__YOUR GOAL__. The answer must consist solely of the lines from the line with "Der großzügige Wohnbereich" to the final line of the data below, reproduced exactly, pictures omitted.

Start of MATERIAL SUPPLIED

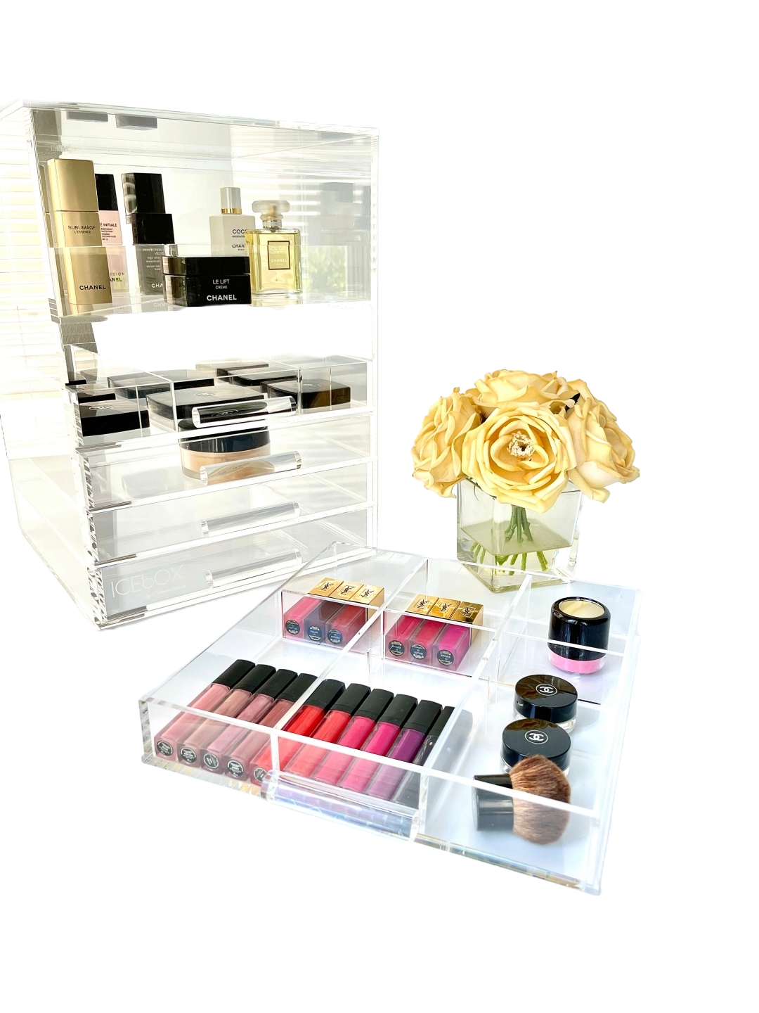 This design is perfect for those with limited counter space. The popular 5" height of the lid shelf allows products such as foundations, creams, moisturizers, nail polish, perfumes and much more, to stand upright and be beautifully displayed. To stand even taller bottles upright, simply fold the lid all the way flush against the back of the ICEbOX and it disappears!
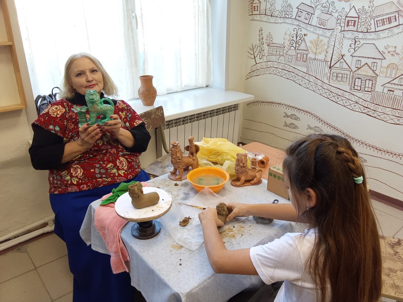 Елена Леонидовна Сафронова, руководитель объединения «Русские узоры» представила два направления деятельности: лепка из глины и Городецкая роспись и стала лауреатом 1 степени в двух номинациях.
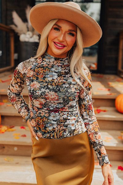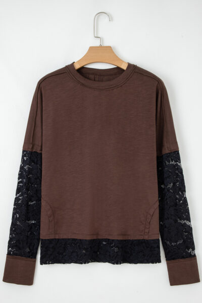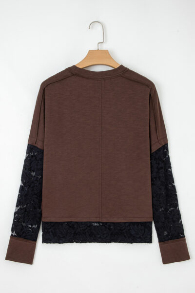 Dark Brown Sheer Lace Patchwork Casual Long Sleeve Tee
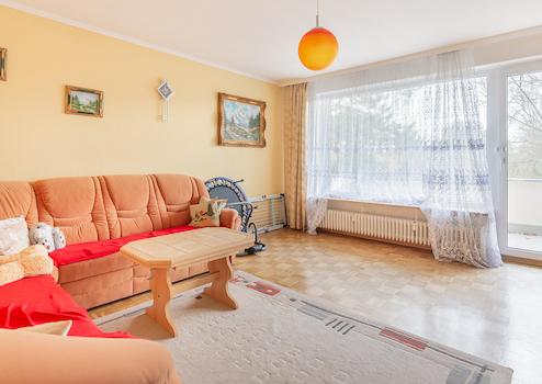 Der großzügige Wohnbereich bietet vielfältige Einrichtungsmöglichkeiten, eine optimale Belichtung sowie einen hochwertigen Parkettfußboden.
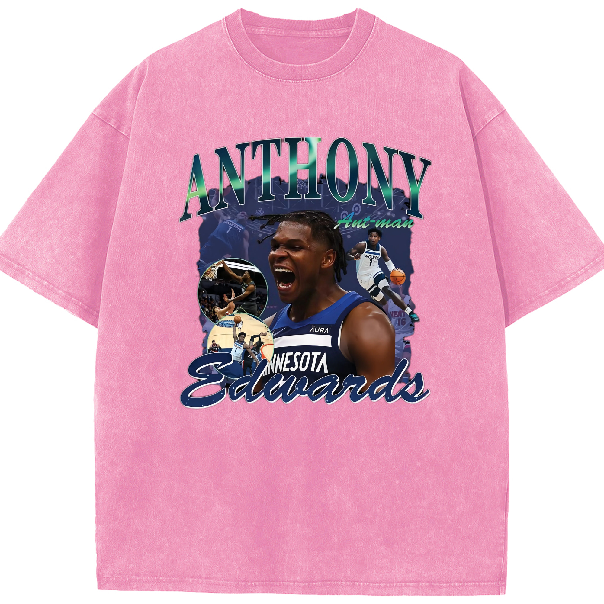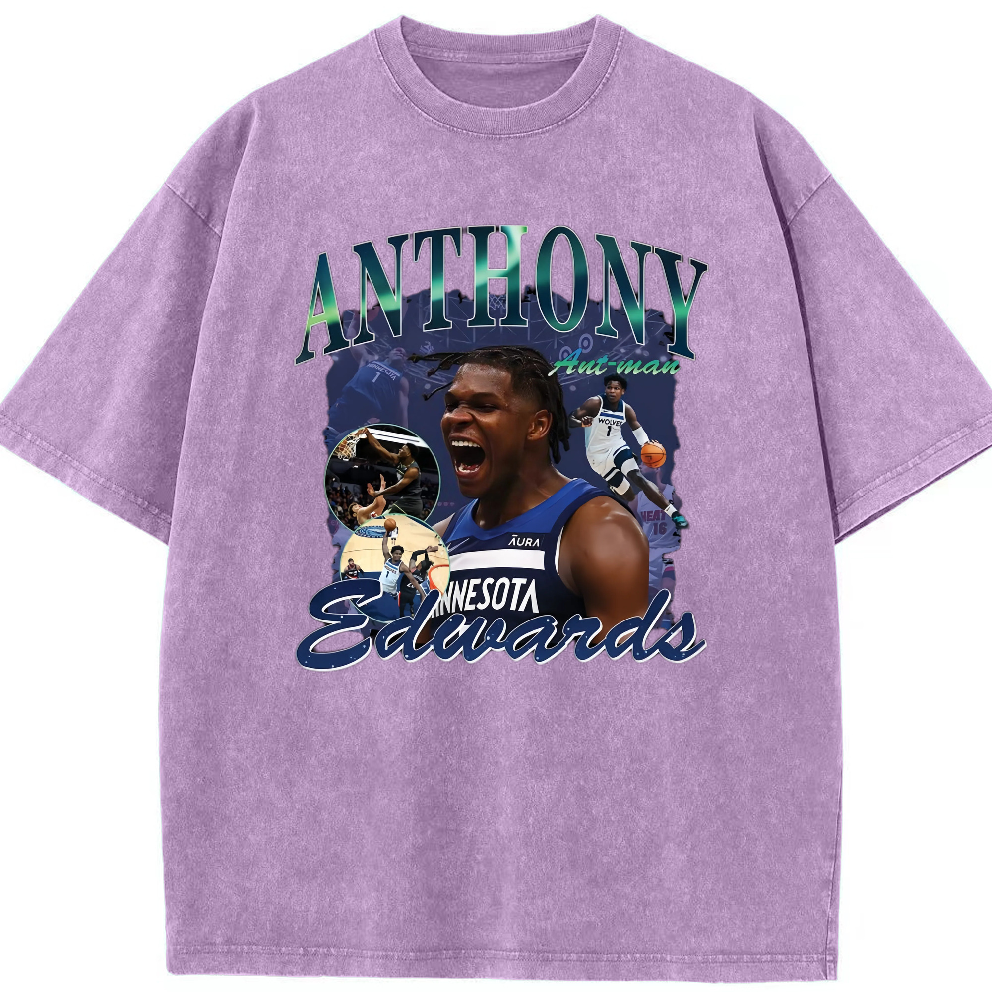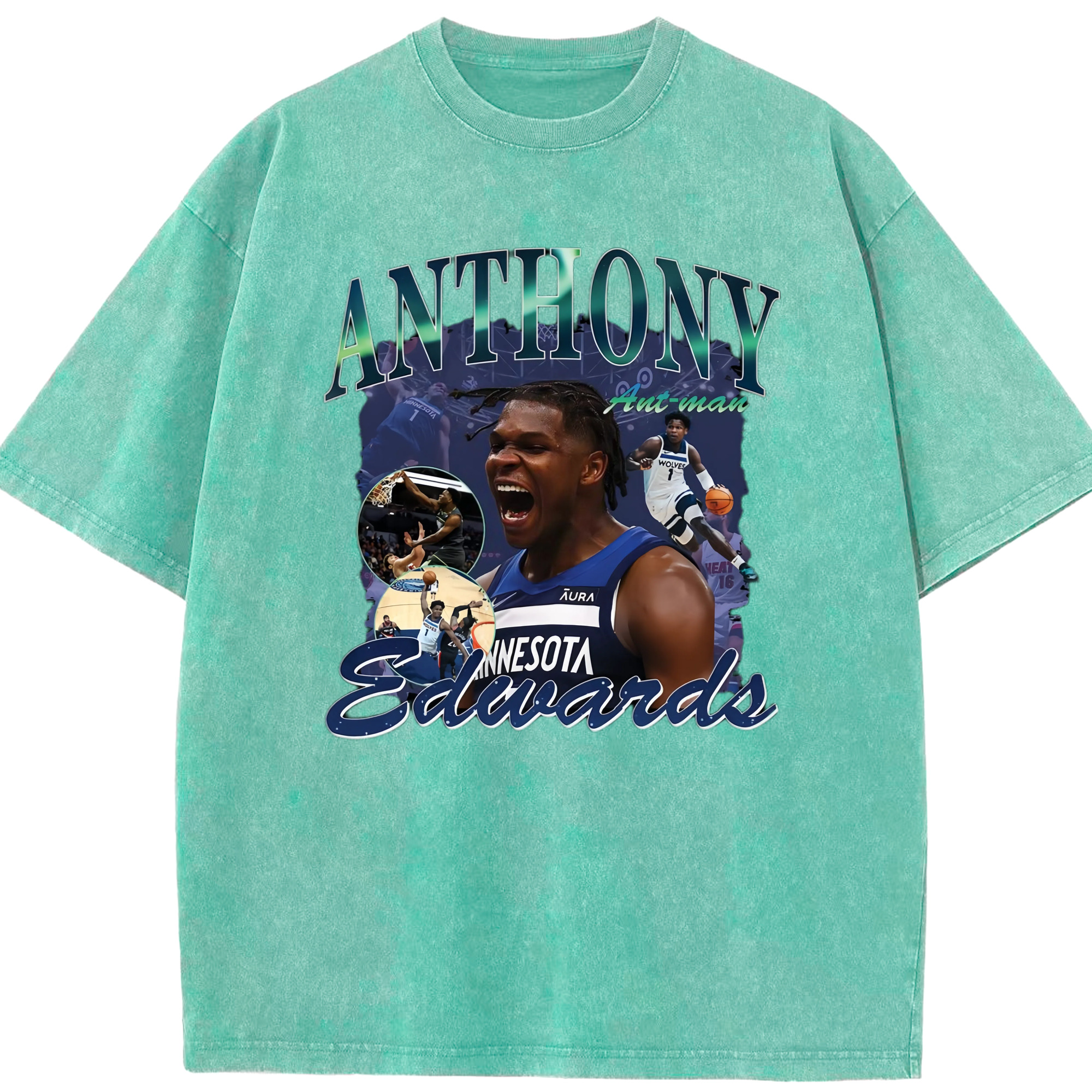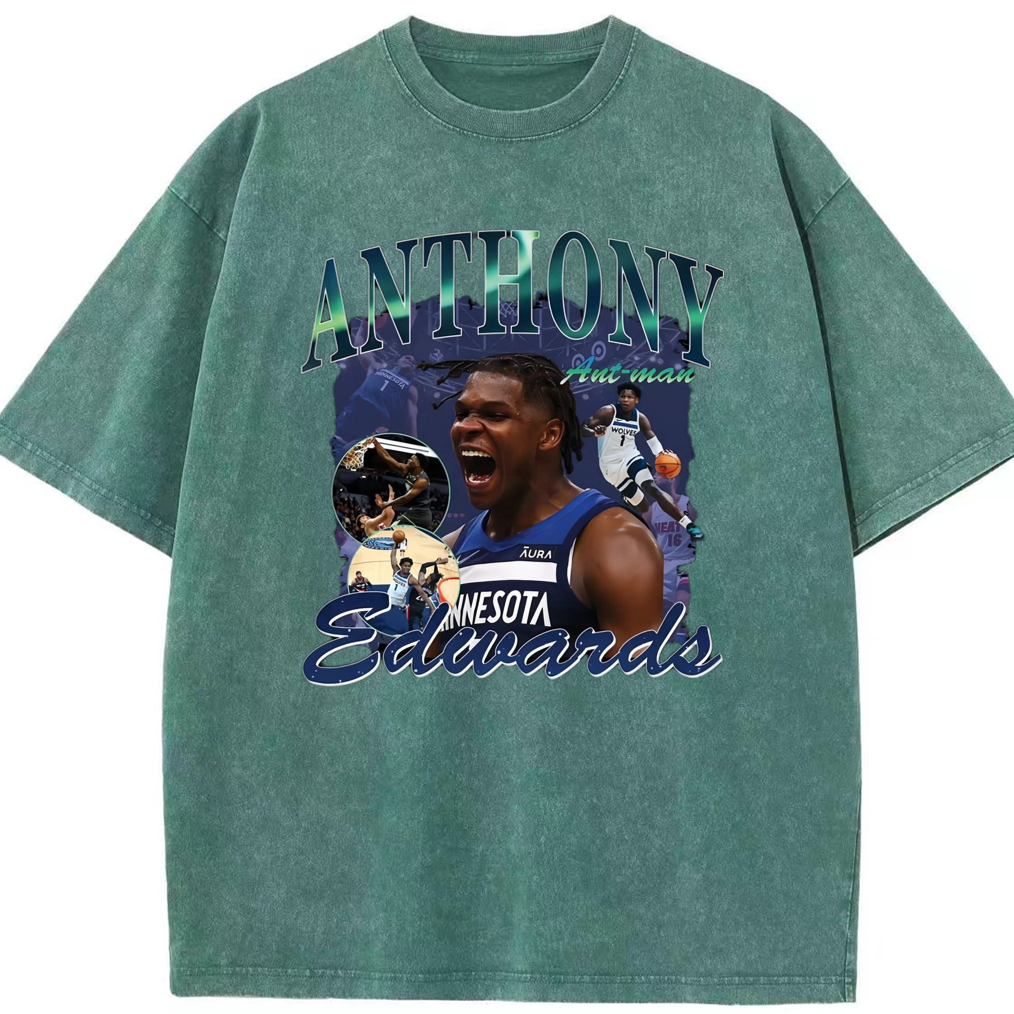 Anthony Edwards Timberwolves collage graphic Tee - Washed Vintage Look 230g Cotton Oversized T-Shirt With Front Heat Transfer Print – Soft, Lightweight, Stylish Fit – Comfortable Casual Wear For Sports & Everyday Use

End of MATERIAL SUPPLIED

__SOLUTION FOR THIS PROBLEM__.
 Der großzügige Wohnbereich bietet vielfältige Einrichtungsmöglichkeiten, eine optimale Belichtung sowie einen hochwertigen Parkettfußboden.
 Anthony Edwards Timberwolves collage graphic Tee - Washed Vintage Look 230g Cotton Oversized T-Shirt With Front Heat Transfer Print – Soft, Lightweight, Stylish Fit – Comfortable Casual Wear For Sports & Everyday Use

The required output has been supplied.